Exercise description | Each entry below is to be transcribed exactly; pictures are not copied.

[Dataset items]
-=-=-=-=-

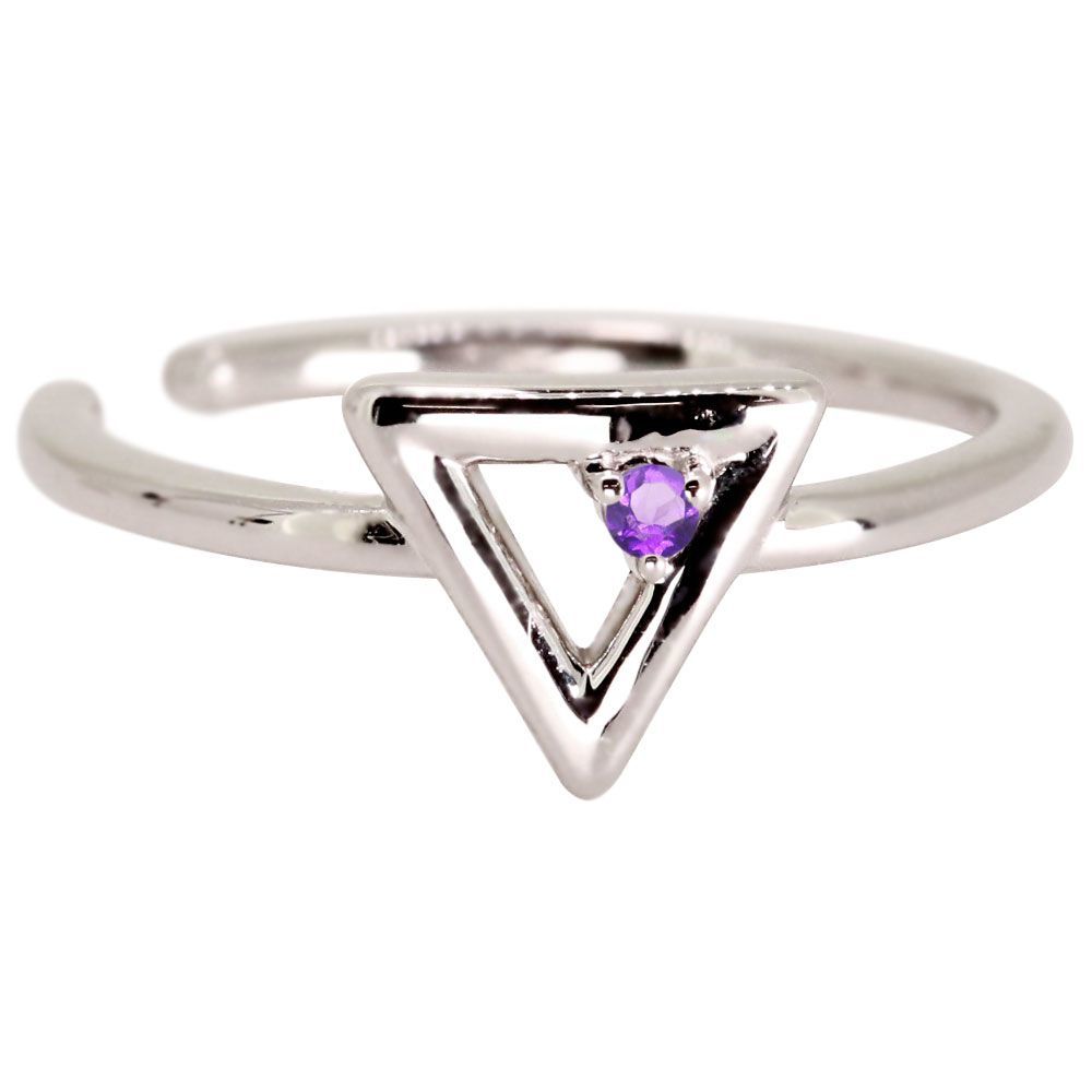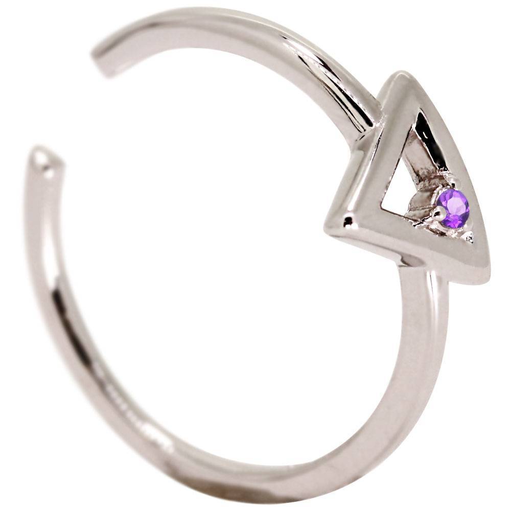 2月誕生石アメジストを使用したプラチナ製の、幾何学デザイン(三角形)のイヤーカフです。
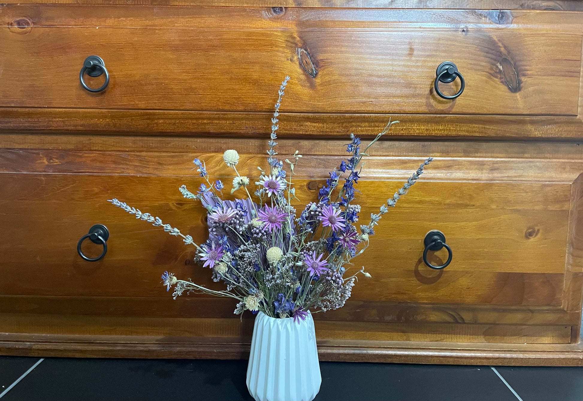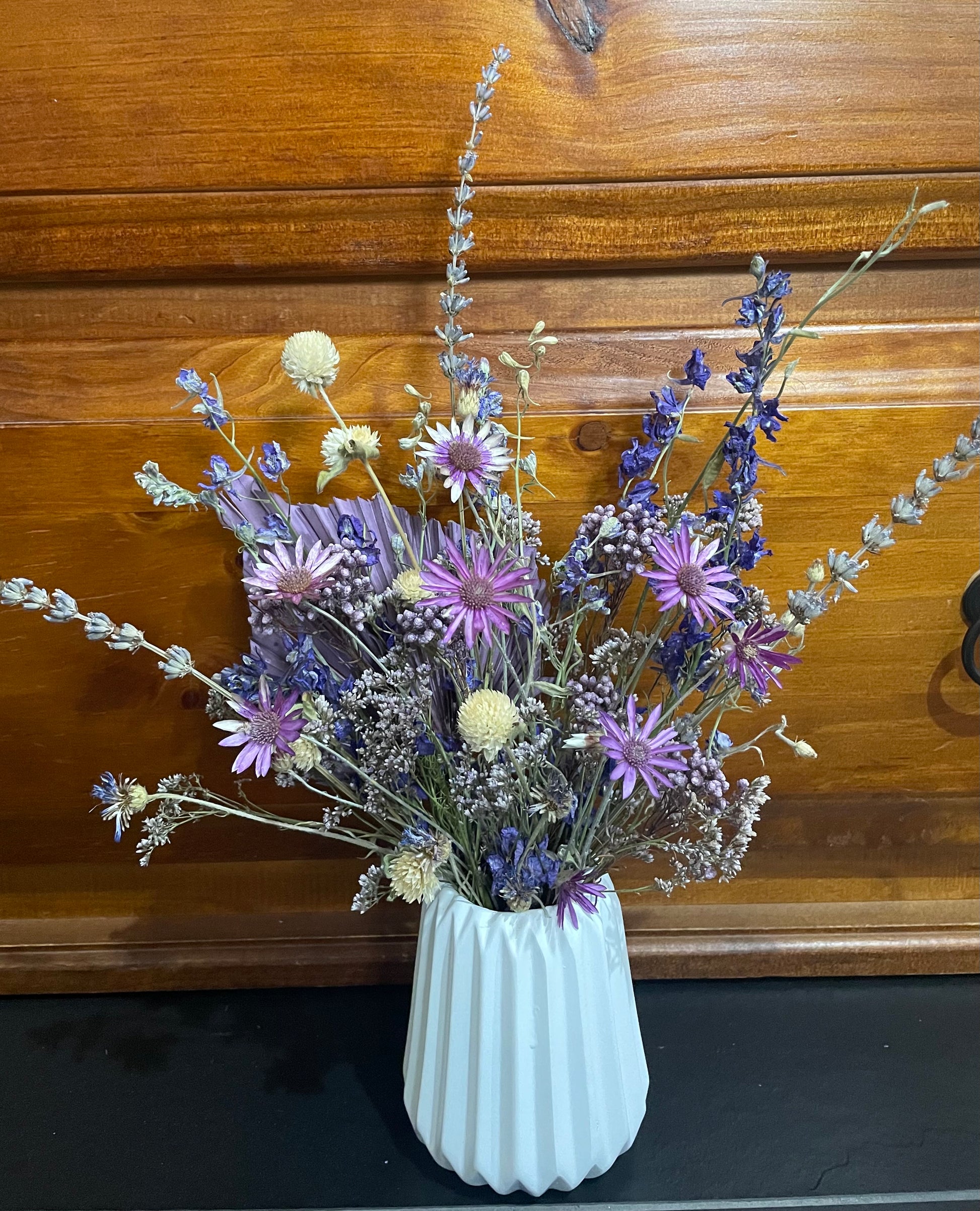 Pretty purples! A variety of carefully selected dried flowers and foliages in a purple palette presented in a white ceramic pot. Completed arrangement measures 30cm tall with the pot alone measuring 10cm tall
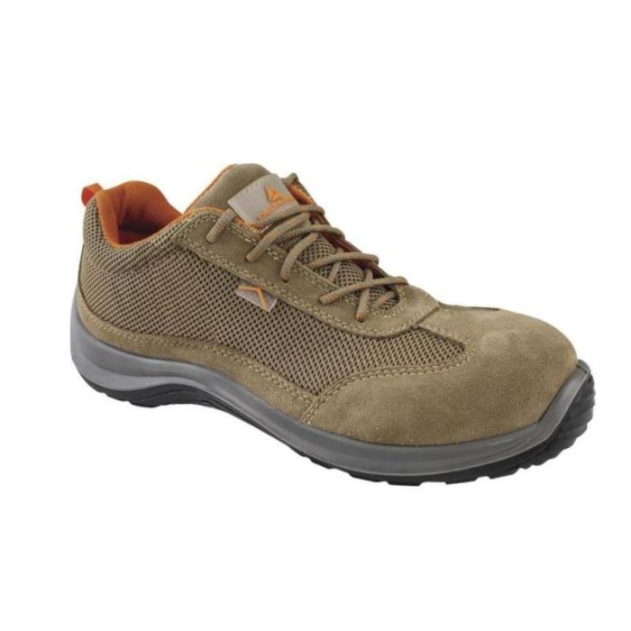 DELTA PLUS Chaussures de sécurité Asti Malla Serraje S1P, Embout et semelle anti-perforation non métalliques, Cuir sergé, Maille respirante, Beige, Pointure 47
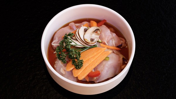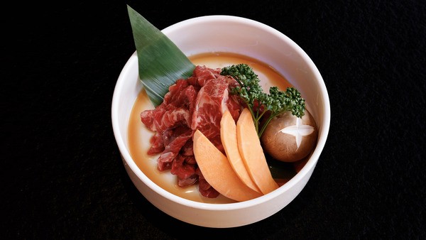 Huile d'olive, oignon avec sauce YUKGA, poulpe
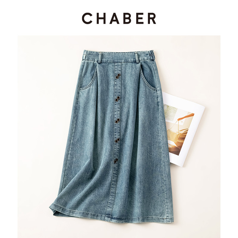 chaber巧帛夏季新款高腰显瘦牛仔半身裙时尚气质百搭女式半裙
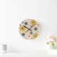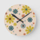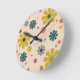 Flower Power Retro 60s Pattern Mustard Blue Orange Round Clock
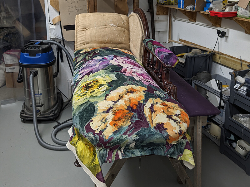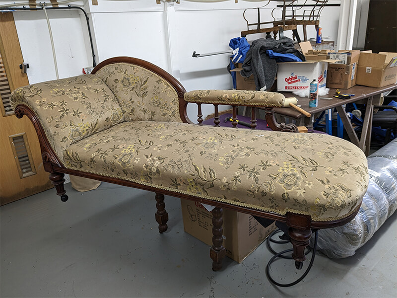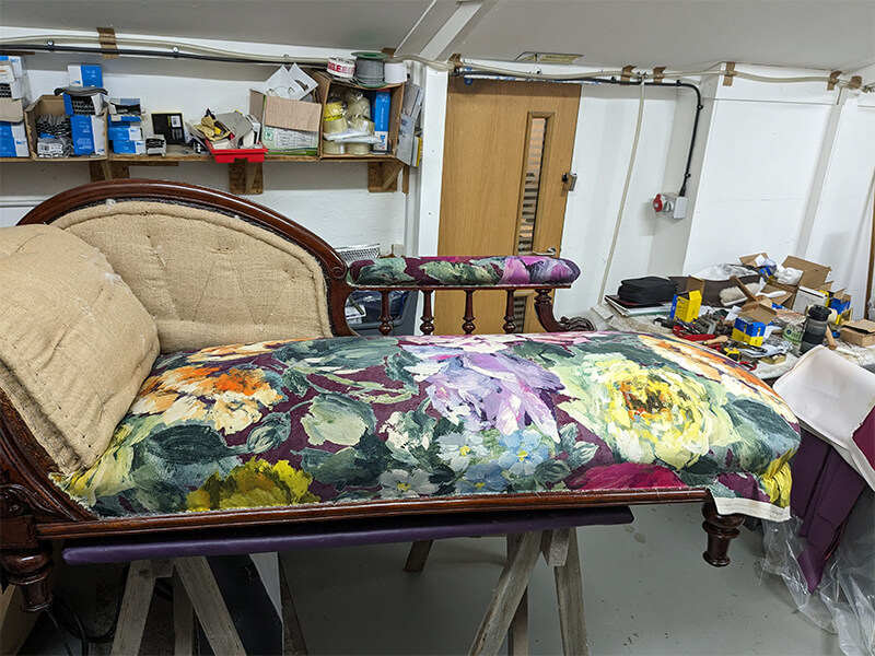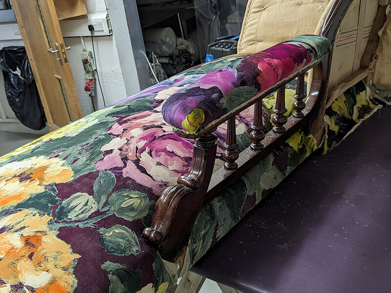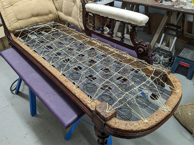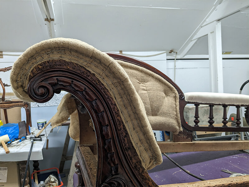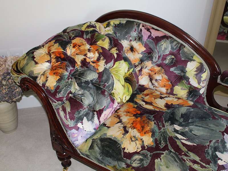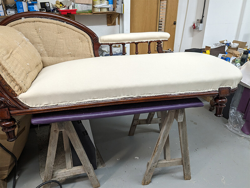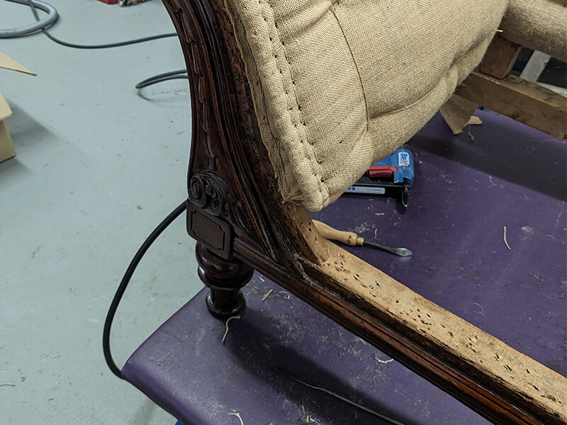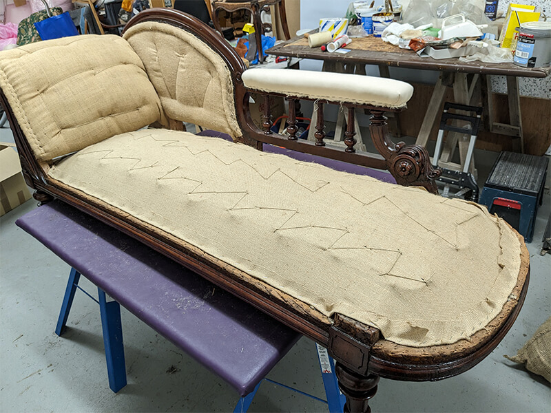 We were commissioned to restore this chaise to its original status. We found that the original horsehair had been removed from the piece and replaced with an inferior Coconut fibre filling. The buttoning had all been removed for ease of reupholstery and the cheapest of webbings and hessians had been used underneath. Even the brass castors had been changed for modern easy-roll types. So all and told, a very inferior job.

-=-=-=-=-

Exercise result |
 2月誕生石アメジストを使用したプラチナ製の、幾何学デザイン(三角形)のイヤーカフです。
 Pretty purples! A variety of carefully selected dried flowers and foliages in a purple palette presented in a white ceramic pot. Completed arrangement measures 30cm tall with the pot alone measuring 10cm tall
 DELTA PLUS Chaussures de sécurité Asti Malla Serraje S1P, Embout et semelle anti-perforation non métalliques, Cuir sergé, Maille respirante, Beige, Pointure 47
 Huile d'olive, oignon avec sauce YUKGA, poulpe
 chaber巧帛夏季新款高腰显瘦牛仔半身裙时尚气质百搭女式半裙
 Flower Power Retro 60s Pattern Mustard Blue Orange Round Clock
 We were commissioned to restore this chaise to its original status. We found that the original horsehair had been removed from the piece and replaced with an inferior Coconut fibre filling. The buttoning had all been removed for ease of reupholstery and the cheapest of webbings and hessians had been used underneath. Even the brass castors had been changed for modern easy-roll types. So all and told, a very inferior job.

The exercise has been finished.